Varela M, Calvo M, Chana M, Gomez-Mestre I, Asensio R, Galdos P.

Servicio de Medicina Interna, Hospital de Mostoles, Madrid, Spain.

OBJECTIVE: In certain physiologic systems, disease is associated with a loss of complexity in system's output. We test the hypothesis that, in critically ill patients, there is an inverse relation between the complexity of the temperature curve and the clinical status. We also consider whether complexity analysis of the temperature curve may have prognostic value. DESIGN: Prospective, observational study. SETTING: Intensive care unit of a general hospital in Madrid, Spain. PATIENTS: Twenty-four successive patients admitted in the intensive care unit with multiple organ failure. INTERVENTIONS: Skin temperature was measured every 10 mins from inclusion in the study until discharge or death (median length of stay 18.8 days, interquartile range 86). MEASUREMENTS: From the temperature time series, hourly approximate entropy measurements were obtained. Clinical status was evaluated using the Sequential Organ Failure Assessment (SOFA) score. MAIN RESULTS: A significant inverse relationship between approximate entropy and the attributed SOFA score was observed in 89% of the patients considered.

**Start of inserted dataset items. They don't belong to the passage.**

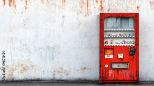 Vintage Red Vending Machine Against Weathered Wall
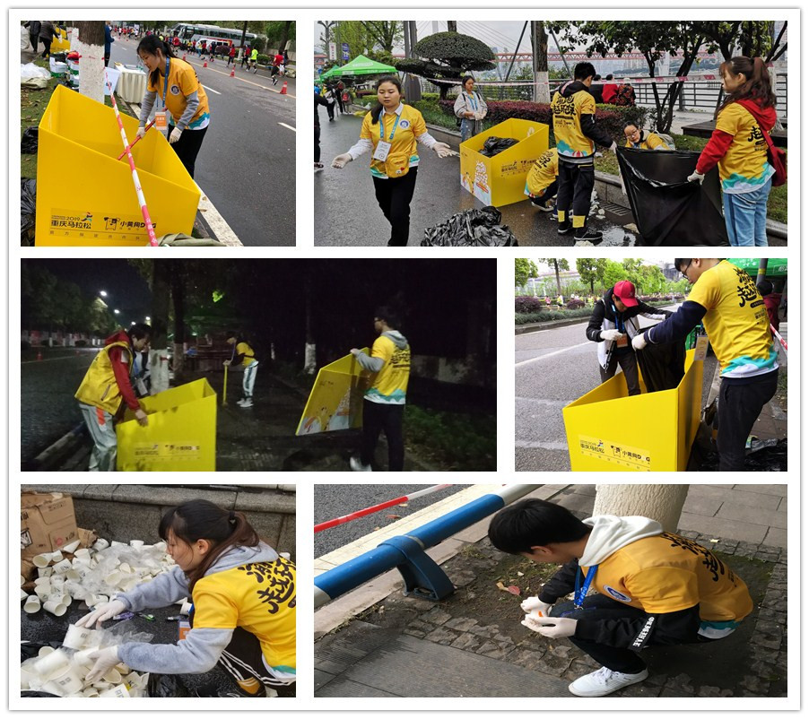 本次马拉松志愿者招募是受重马组委会委托,由校团委、体育学院联合开展,自3月起面向全校学生进行了招募和选拔。3月24日,在南岸校区图书馆剧场举行了志愿者专题培训。3月31日凌晨4时,所有志愿者整装待发,陆续前往南滨路42公里全程各个站点开始准备工作。本次服务的内容是全程赛道的垃圾清理,从凌晨4点到下午2点,志愿者们在工作人员的安排下,有序的开展。时间长,任务重,重工商大学子发扬不怕苦,不怕累的精神,坚持完成全部工作,充分发挥了KY开元学子的优秀品格。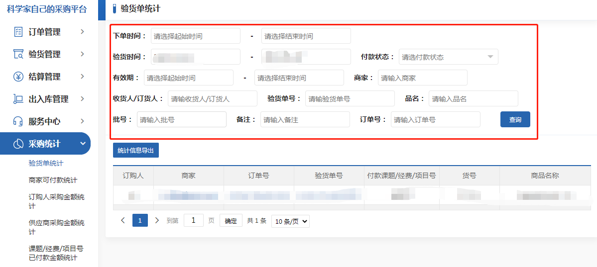 点击验货单统计,进入验货单统计界面,展示会员所有验货单信息并提供搜索与导出功能。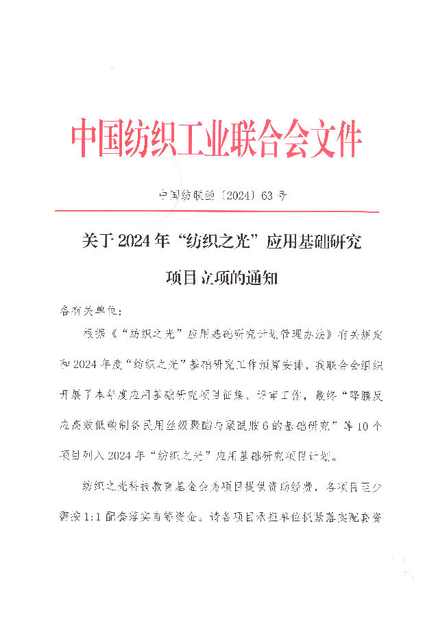 關于2024年“紡織之光”應用基礎研究項目立項的通知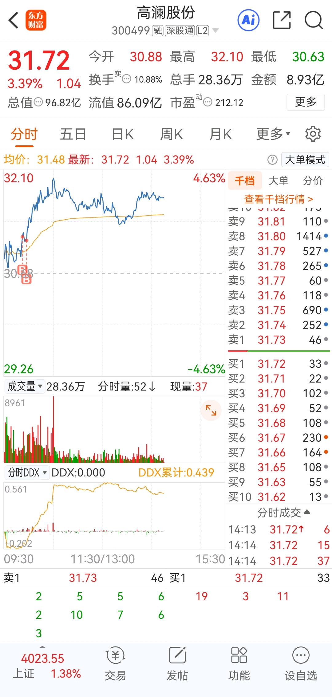$高澜股份(SZ300499)$ $高澜股份(SZ300499)$ 短线我的投降了,今天继续涨应用不涨硬件啊,蓝色光标,掌阅科技等等,都起飞了,还是继续大涨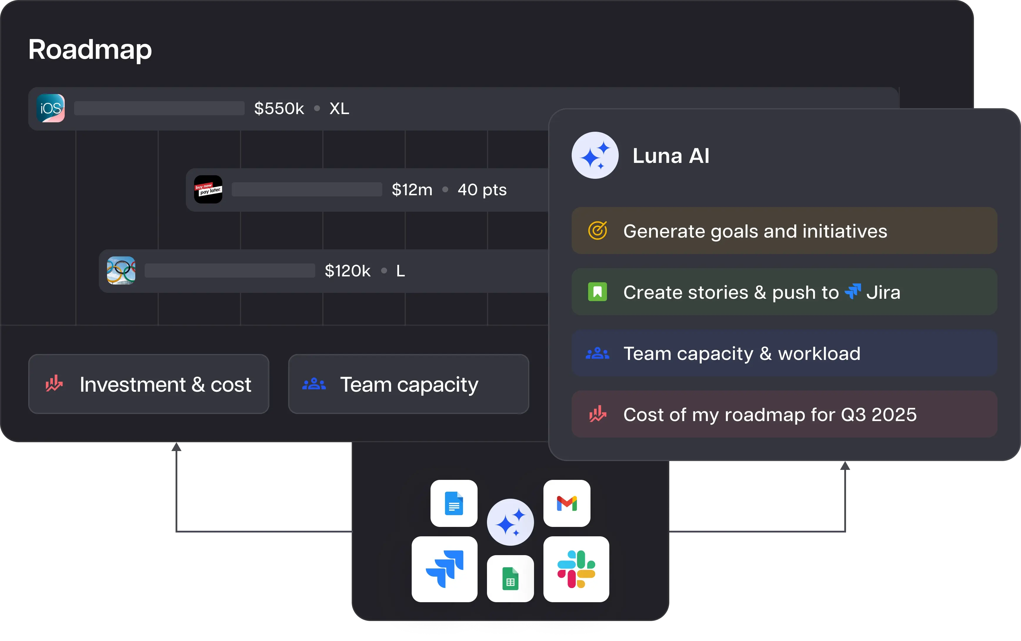 Make smarter tradeoffs faster, using RICE or your own metrics like revenue or cost. Luna AI adapts to your framework.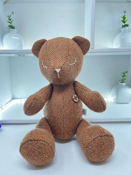 Adorable Handmade Teddy Bear in Camel Harris Tweed fabric - cuddly with closed eyes.

Both mean and minimum approximate entropy were significantly lower in patients who died than in patients who survived (mean approximate entropy, 0.47 vs. 0.61; minimum approximate entropy, 0.24 vs. 0.40; in both cases p < .001). To evaluate the prognostic value of both mean and minimum approximate entropy, we fitted logistic regression models against survival. An increase in 0.1 units in minimum or mean approximate entropy increased 15.4- and 18.5-fold the odds of surviving, respectively. CONCLUSIONS: The clinical status of patients suffering multiple organ failure is inversely correlated to the complexity of the temperature curve expressed as approximate entropy. Reduced complexity has dismal prognostic implications. Its assessment is noninvasive and inexpensive and allows for real-time continuous monitoring of clinical status.

PMID: 16352958 [PubMed - indexed for MEDLINE]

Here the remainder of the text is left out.